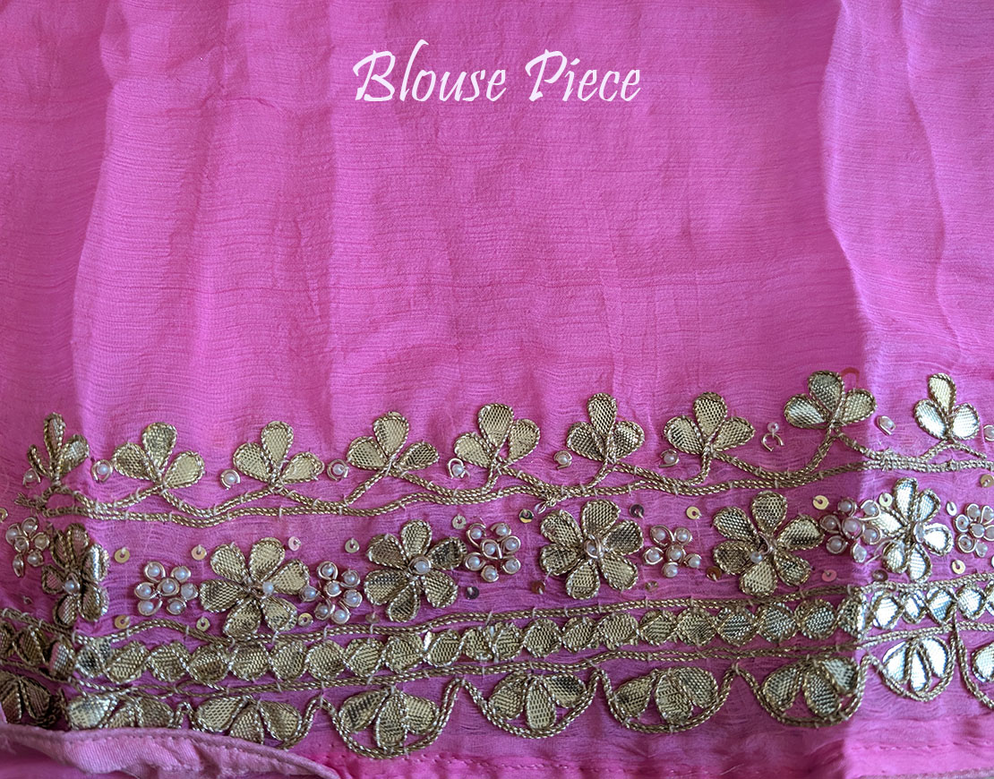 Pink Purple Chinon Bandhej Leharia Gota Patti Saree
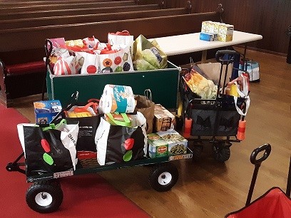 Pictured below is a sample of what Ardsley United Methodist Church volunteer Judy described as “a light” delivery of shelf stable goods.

==

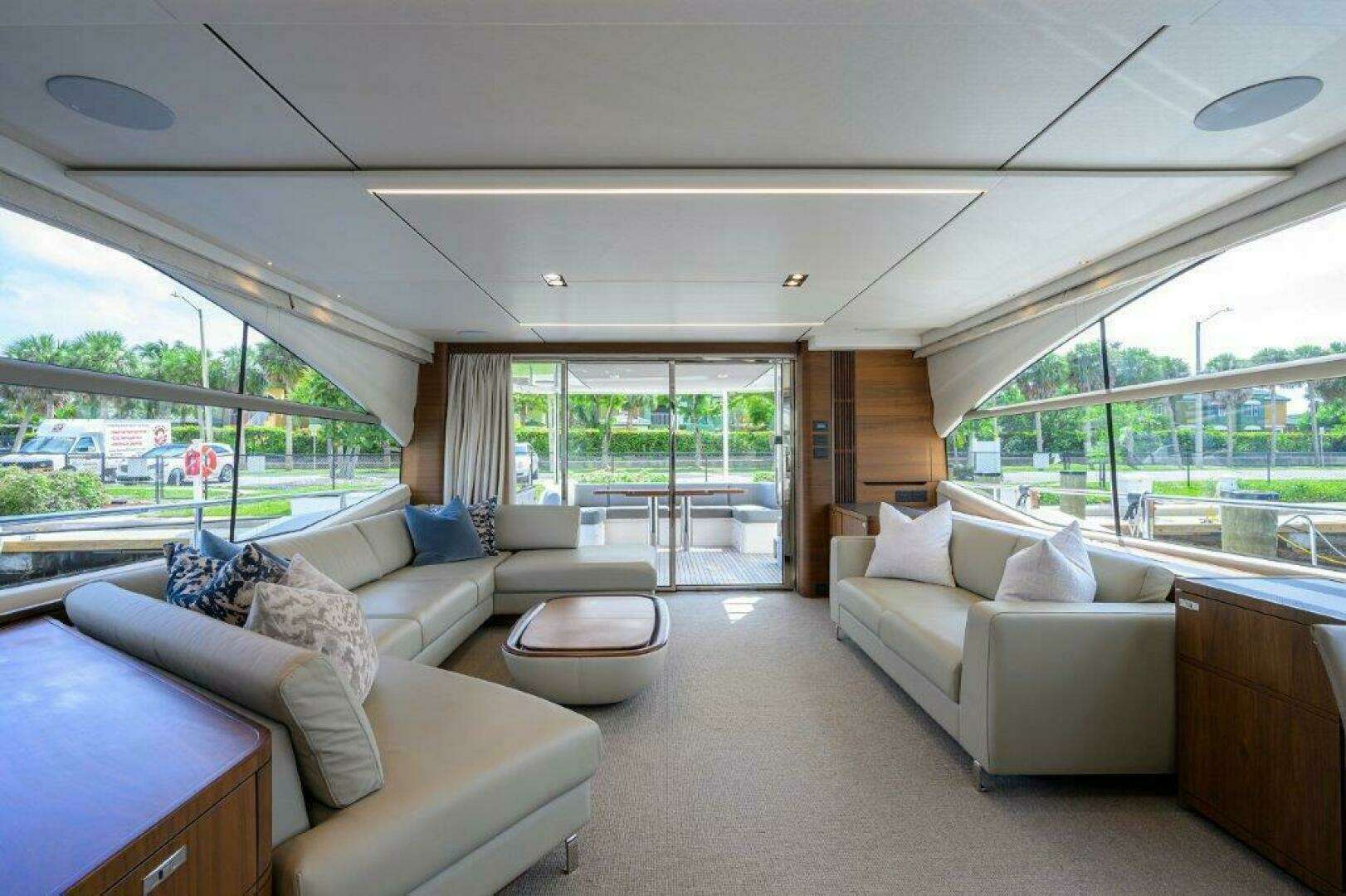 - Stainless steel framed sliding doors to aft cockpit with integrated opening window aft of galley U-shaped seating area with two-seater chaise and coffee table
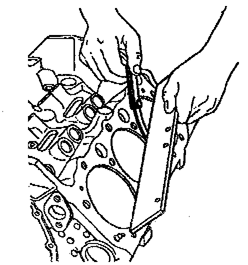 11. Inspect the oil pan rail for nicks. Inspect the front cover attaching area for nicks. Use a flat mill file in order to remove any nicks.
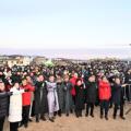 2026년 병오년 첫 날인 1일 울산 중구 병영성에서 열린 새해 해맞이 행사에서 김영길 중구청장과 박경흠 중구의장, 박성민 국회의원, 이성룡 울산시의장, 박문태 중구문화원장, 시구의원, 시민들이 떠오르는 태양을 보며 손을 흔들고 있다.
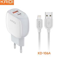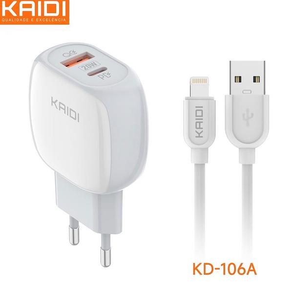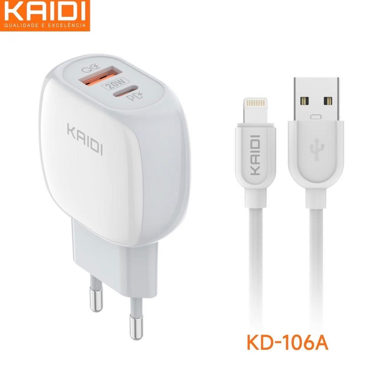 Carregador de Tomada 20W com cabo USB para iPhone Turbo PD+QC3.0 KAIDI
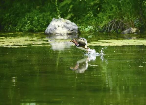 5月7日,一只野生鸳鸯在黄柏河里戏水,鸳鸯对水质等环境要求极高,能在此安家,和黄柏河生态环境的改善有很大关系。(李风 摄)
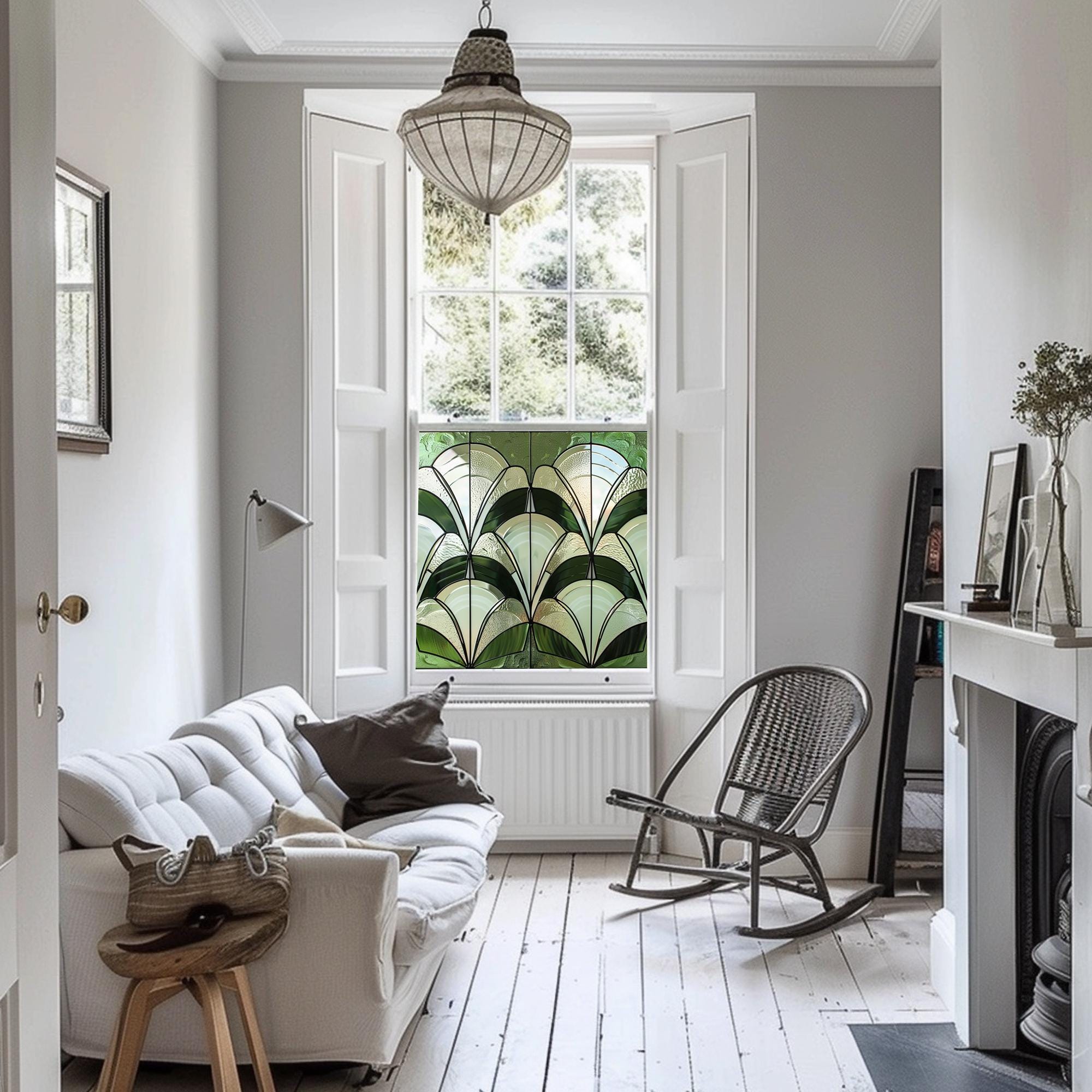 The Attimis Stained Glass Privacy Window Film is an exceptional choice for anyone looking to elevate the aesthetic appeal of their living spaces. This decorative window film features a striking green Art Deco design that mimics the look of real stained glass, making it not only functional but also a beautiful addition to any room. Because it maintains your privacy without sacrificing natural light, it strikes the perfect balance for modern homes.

--

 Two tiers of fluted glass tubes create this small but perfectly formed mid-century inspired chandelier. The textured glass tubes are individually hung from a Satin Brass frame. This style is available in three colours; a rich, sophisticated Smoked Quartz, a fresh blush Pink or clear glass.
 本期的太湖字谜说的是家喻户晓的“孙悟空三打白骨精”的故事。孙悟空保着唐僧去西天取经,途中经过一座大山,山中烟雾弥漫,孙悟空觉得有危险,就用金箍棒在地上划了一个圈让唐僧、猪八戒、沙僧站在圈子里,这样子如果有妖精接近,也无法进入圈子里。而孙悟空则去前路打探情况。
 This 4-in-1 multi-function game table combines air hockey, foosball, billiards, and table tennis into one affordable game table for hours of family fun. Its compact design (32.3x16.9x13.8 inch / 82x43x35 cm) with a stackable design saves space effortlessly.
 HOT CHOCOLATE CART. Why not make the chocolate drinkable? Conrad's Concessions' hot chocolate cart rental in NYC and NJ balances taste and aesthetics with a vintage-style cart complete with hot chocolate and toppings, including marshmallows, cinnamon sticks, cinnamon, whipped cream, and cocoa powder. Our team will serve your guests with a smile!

■ Exercise description: Would you copy, word for word, only the lines above from the one containing "- Stainless steel" through the one containing "5月7日,一只野生鸳鸯在黄柏", both included, and please leave out the pictures?

■ Solution to this task:
 - Stainless steel framed sliding doors to aft cockpit with integrated opening window aft of galley U-shaped seating area with two-seater chaise and coffee table
 11. Inspect the oil pan rail for nicks. Inspect the front cover attaching area for nicks. Use a flat mill file in order to remove any nicks.
 2026년 병오년 첫 날인 1일 울산 중구 병영성에서 열린 새해 해맞이 행사에서 김영길 중구청장과 박경흠 중구의장, 박성민 국회의원, 이성룡 울산시의장, 박문태 중구문화원장, 시구의원, 시민들이 떠오르는 태양을 보며 손을 흔들고 있다.
 Carregador de Tomada 20W com cabo USB para iPhone Turbo PD+QC3.0 KAIDI
 5月7日,一只野生鸳鸯在黄柏河里戏水,鸳鸯对水质等环境要求极高,能在此安家,和黄柏河生态环境的改善有很大关系。(李风 摄)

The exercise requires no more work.